### [Exercise instructions]
Write out the whole listing below exactly, skipping each picture.

### [Data block]
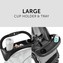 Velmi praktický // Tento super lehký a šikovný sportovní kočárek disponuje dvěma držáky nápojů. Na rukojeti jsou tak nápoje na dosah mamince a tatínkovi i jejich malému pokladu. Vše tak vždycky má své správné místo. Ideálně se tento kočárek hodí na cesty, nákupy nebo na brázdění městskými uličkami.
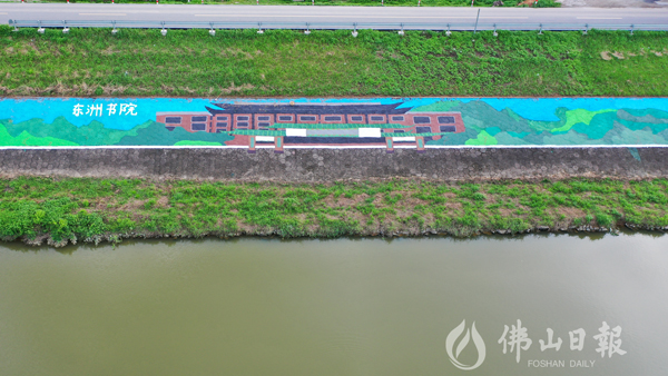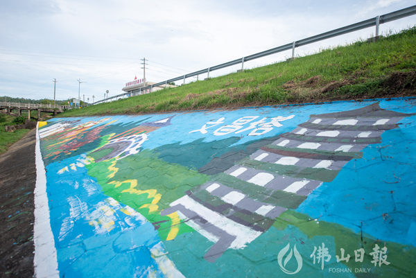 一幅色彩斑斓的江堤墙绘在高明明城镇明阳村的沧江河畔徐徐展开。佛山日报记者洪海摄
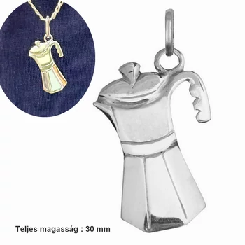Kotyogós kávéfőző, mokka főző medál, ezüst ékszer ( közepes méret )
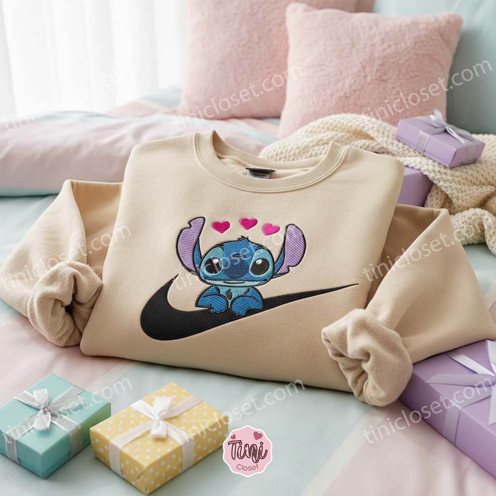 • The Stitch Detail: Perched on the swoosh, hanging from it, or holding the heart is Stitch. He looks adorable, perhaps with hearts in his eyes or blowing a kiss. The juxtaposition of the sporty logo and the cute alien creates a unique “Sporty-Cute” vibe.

### [Exercise answer]
 Velmi praktický // Tento super lehký a šikovný sportovní kočárek disponuje dvěma držáky nápojů. Na rukojeti jsou tak nápoje na dosah mamince a tatínkovi i jejich malému pokladu. Vše tak vždycky má své správné místo. Ideálně se tento kočárek hodí na cesty, nákupy nebo na brázdění městskými uličkami.
 一幅色彩斑斓的江堤墙绘在高明明城镇明阳村的沧江河畔徐徐展开。佛山日报记者洪海摄
Kotyogós kávéfőző, mokka főző medál, ezüst ékszer ( közepes méret )
 • The Stitch Detail: Perched on the swoosh, hanging from it, or holding the heart is Stitch. He looks adorable, perhaps with hearts in his eyes or blowing a kiss. The juxtaposition of the sporty logo and the cute alien creates a unique “Sporty-Cute” vibe.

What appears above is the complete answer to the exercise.